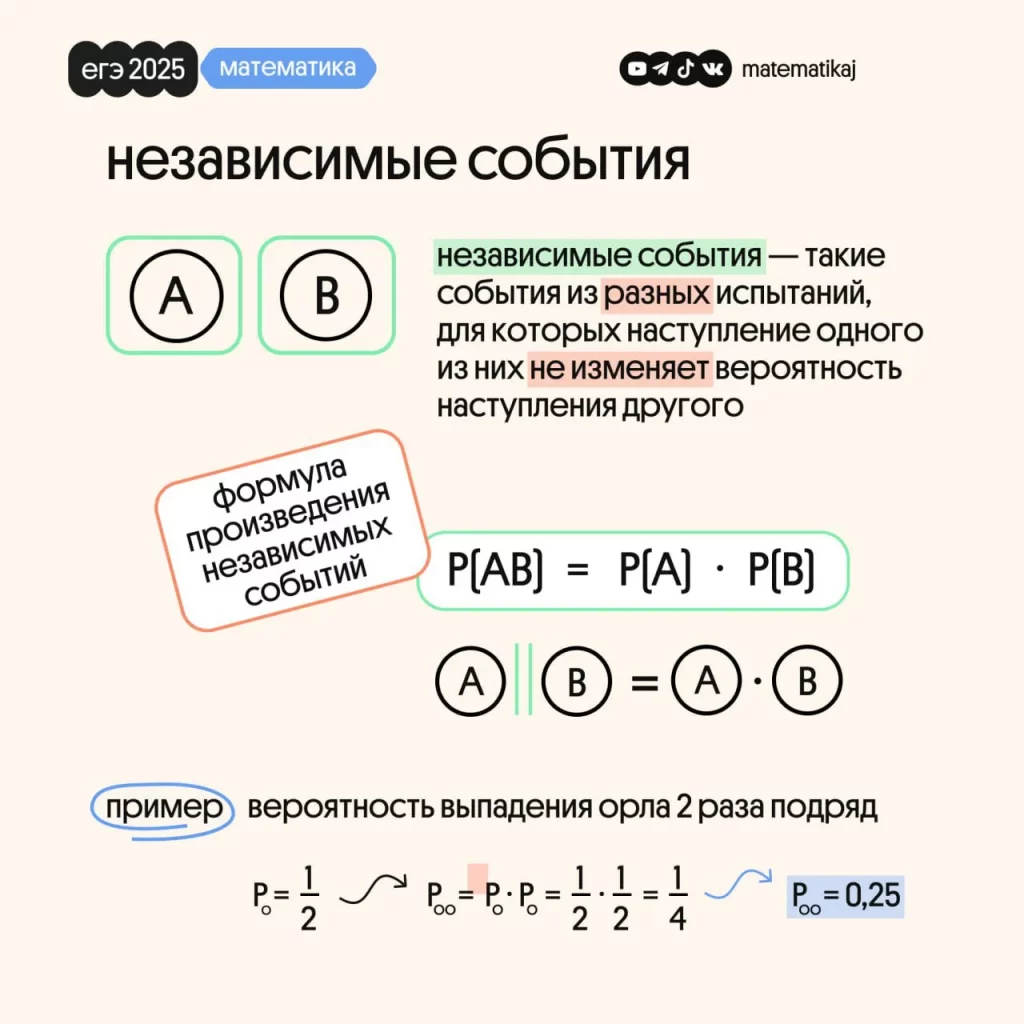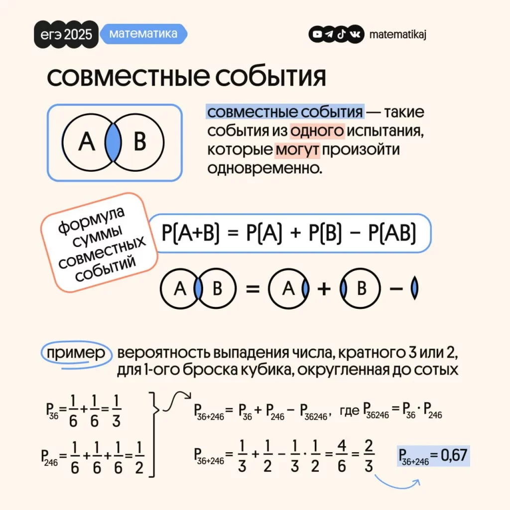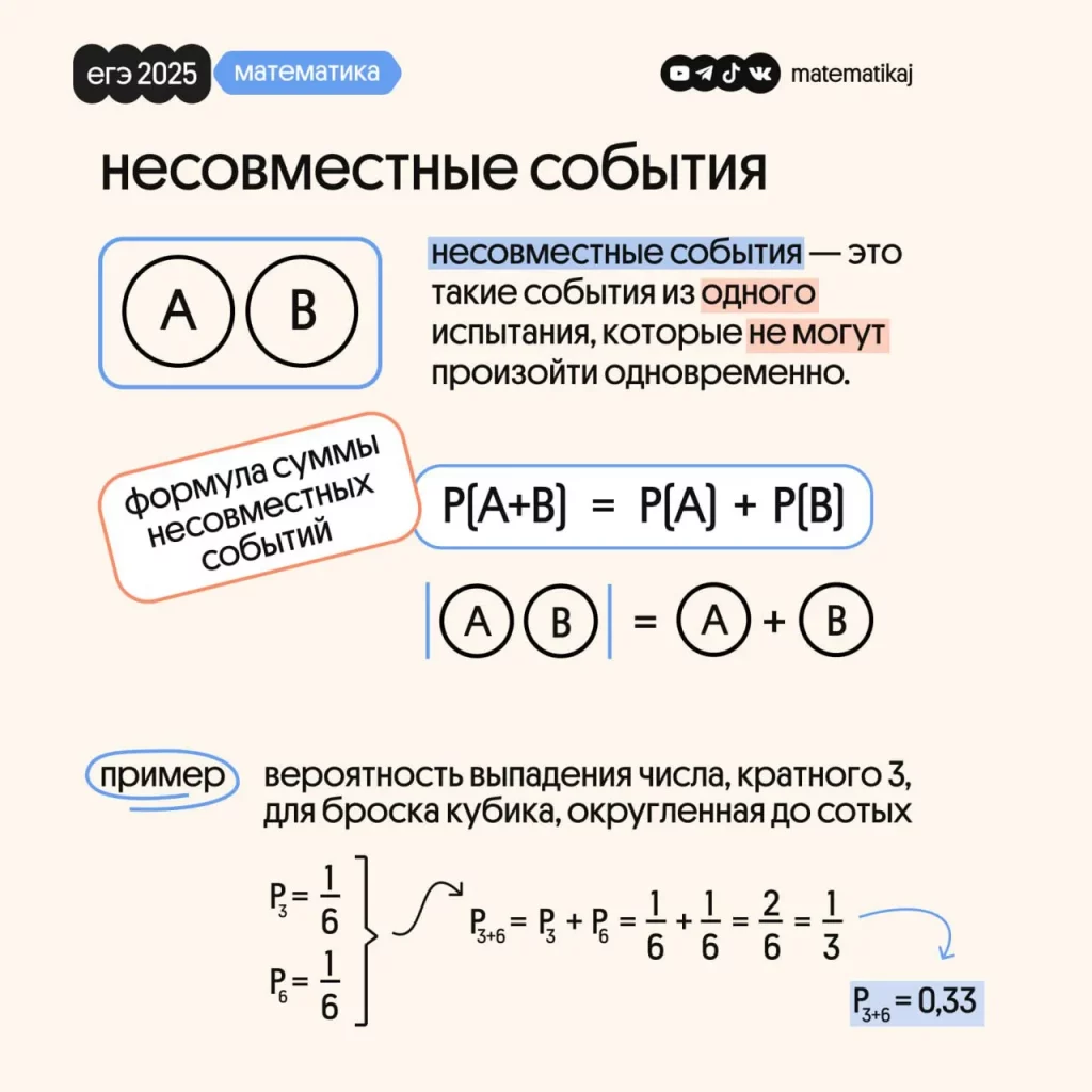 Но чтобы уметь решать все эти типы, необходимо различать зависимые/независимые; совместные/несовместные события.
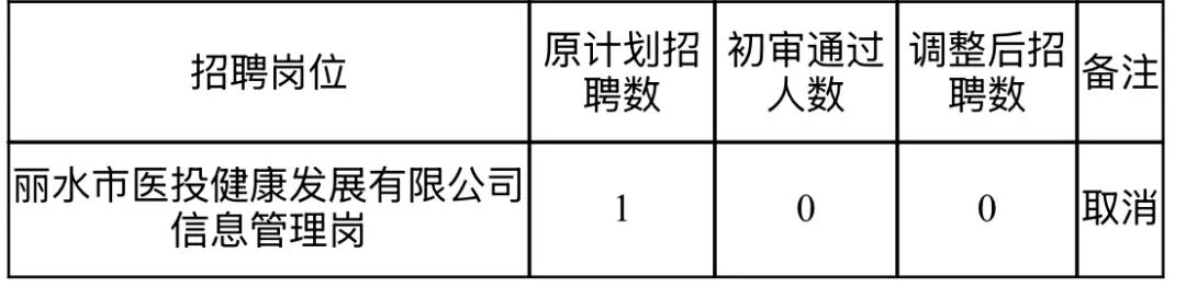 根据《丽水市文化旅游投资发展集团有限公司公开招聘工作人员公告》规定及各岗位报名审核通过情况,部分岗位因不足招聘公告比选比例而取消,现对取消情况进行公布,具体如下:
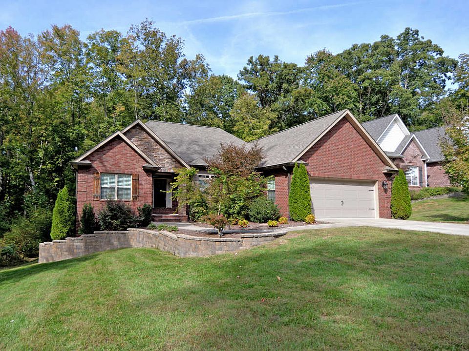 ONE-LEVEL LIVING IN LENOIR CITY! Located on a beautiful wooded lot, this basement ranch boasts a desirable open floor plan with a hint of southern charm. Features include tasteful paint colors throughout, plantation shutters, hand-scraped hardwood flooring, 9-ft coffered ceilings & transom windows in the main living area, a spacious master suite with a custom trey ceiling & luxurious master bath, a duel fuel furnace, a well-designed eat-in kitchen with ample cabinet space & granite counter tops, and a relaxing back deck that overlooks the quiet wooded backyard. The unfinished basement provides tons of extra storage/workshop space and could easily be finished to add over 1900 SF of additional living space (roughed-in and plumbed). Additional storage space in the attic over the garage.

TASK TO CARRY OUT → The answer should hold every line of the listing, copied exactly, with no pictures.

ANSWER SPACE →
 Но чтобы уметь решать все эти типы, необходимо различать зависимые/независимые; совместные/несовместные события.
 根据《丽水市文化旅游投资发展集团有限公司公开招聘工作人员公告》规定及各岗位报名审核通过情况,部分岗位因不足招聘公告比选比例而取消,现对取消情况进行公布,具体如下:
 ONE-LEVEL LIVING IN LENOIR CITY! Located on a beautiful wooded lot, this basement ranch boasts a desirable open floor plan with a hint of southern charm. Features include tasteful paint colors throughout, plantation shutters, hand-scraped hardwood flooring, 9-ft coffered ceilings & transom windows in the main living area, a spacious master suite with a custom trey ceiling & luxurious master bath, a duel fuel furnace, a well-designed eat-in kitchen with ample cabinet space & granite counter tops, and a relaxing back deck that overlooks the quiet wooded backyard. The unfinished basement provides tons of extra storage/workshop space and could easily be finished to add over 1900 SF of additional living space (roughed-in and plumbed). Additional storage space in the attic over the garage.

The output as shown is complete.